The validating reasons for the draft law included achieving harmony between laws related to restoring one’s nationality and allowing Jordanian women married to non-Jordanians, who renounced their Jordanian nationality and acquired their husbands’ nationality, to restore their Jordanian nationality without divorce. 
Before the law was passed, Jordanian women married to a non-Jordanian had to renounce their nationality, and were only able to regain it in the event of divorce or the death of the husband.
Meanwhile, Jordanian men married to non-Jordanian women had the right to keep their original nationality.
“This is an important and positive amendment,” Secretary General for the Jordanian National Commission for Women (JNCW) Maha Ali told The Jordan Times in a recent interview.
Ali, a former minister, added that “this was one of the demands that the JNCW advocated for with regard to women’s rights in general”.
“As in many cases, a woman married to a non-Jordanian may need to return to live in Jordan, and therefore it is important to be able to regain her Jordanian nationality,” Ali explained.
However, Ali maintained, “despite the positive impact of this amendment, it does not cover all the aspects that the JNCW aspires to, whether it is in terms of nationality or in other aspects related to women’s rights and women’s empowerment”.
“We need to have a more comprehensive view of various legislation that enables a supportive, decent and women-friendly work environment, as well as laws that facilitate and help women to fully participate and contribute to different aspects of the development of the country,” Ali stressed.
At present, the JNCW is working on updating a list of legislative demands prepared by the commission and its legal and economic teams and in consultation with different partners. The list contains comprehensive proposals for various pieces of legislation that reflect the priorities of Jordanian women at the national level, she added.

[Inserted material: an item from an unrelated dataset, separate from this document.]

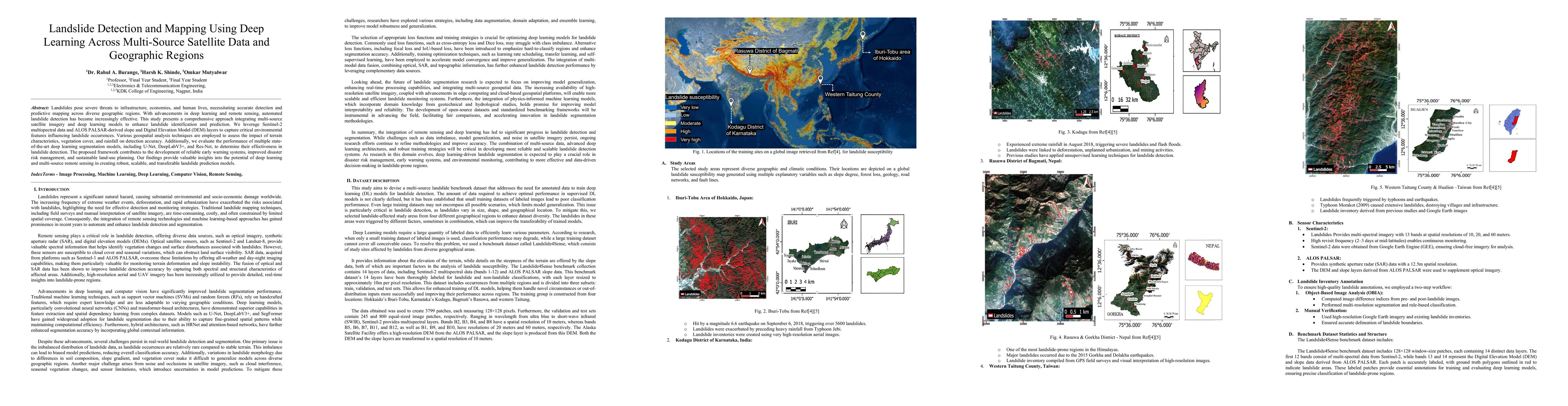 Landslides pose severe threats to infrastructure, economies, and human lives, necessitating accurate detection and predictive mapping across diverse geographic regions. With advancements in deep learning and remote sensing, automated landslide detection has become increasingly effective. This study presents a comprehensive approach integrating multi-source satellite imagery and deep learning models to enhance landslide identification and prediction. We leverage Sentinel-2 multispectral data and ALOS PALSAR-derived slope and Digital Elevation Model (DEM) layers to capture critical environmental features influencing landslide occurrences. Various geospatial analysis techniques are employed to assess the impact of terra in characteristics, vegetation cover, and rainfall on detection accuracy. Additionally, we evaluate the performance of multiple stateof-the-art deep learning segmentation models, including U-Net, DeepLabV3+, and Res-Net, to determine their effectiveness in landslide detection. The proposed framework contributes to the development of reliable early warning systems, improved disaster risk management, and sustainable land-use planning. Our findings provide valuable insights into the potential of deep learning and multi-source remote sensing in creating robust, scalable, and transferable landslide prediction models.

Therefore, the JNCW believes such reforms not only appear to be a positive step towards achieving equality between Jordanian women, regardless of the nationality of their husbands, but also an important step towards achieving equality for women more broadly.
Chairperson of the Forum of Jordanian Women Parliamentarians MP Mayada Al Shreim also welcomed the recent decision, saying it works to empower women and improve their living conditions.
“This new decision came to ensure justice for Jordanian women, and will work to empower them on many levels,” Shreim said in a press statement.
“My Nationality is the Right of My Family (MNRMF)” coalition member Aroub Soubh said this is a “step in the right direction”. 
“This condition of relinquishing citizenship for Jordanian women was unfair, since it discriminated against them,” Soubh, a journalist, told The Jordan Times in a recent interview.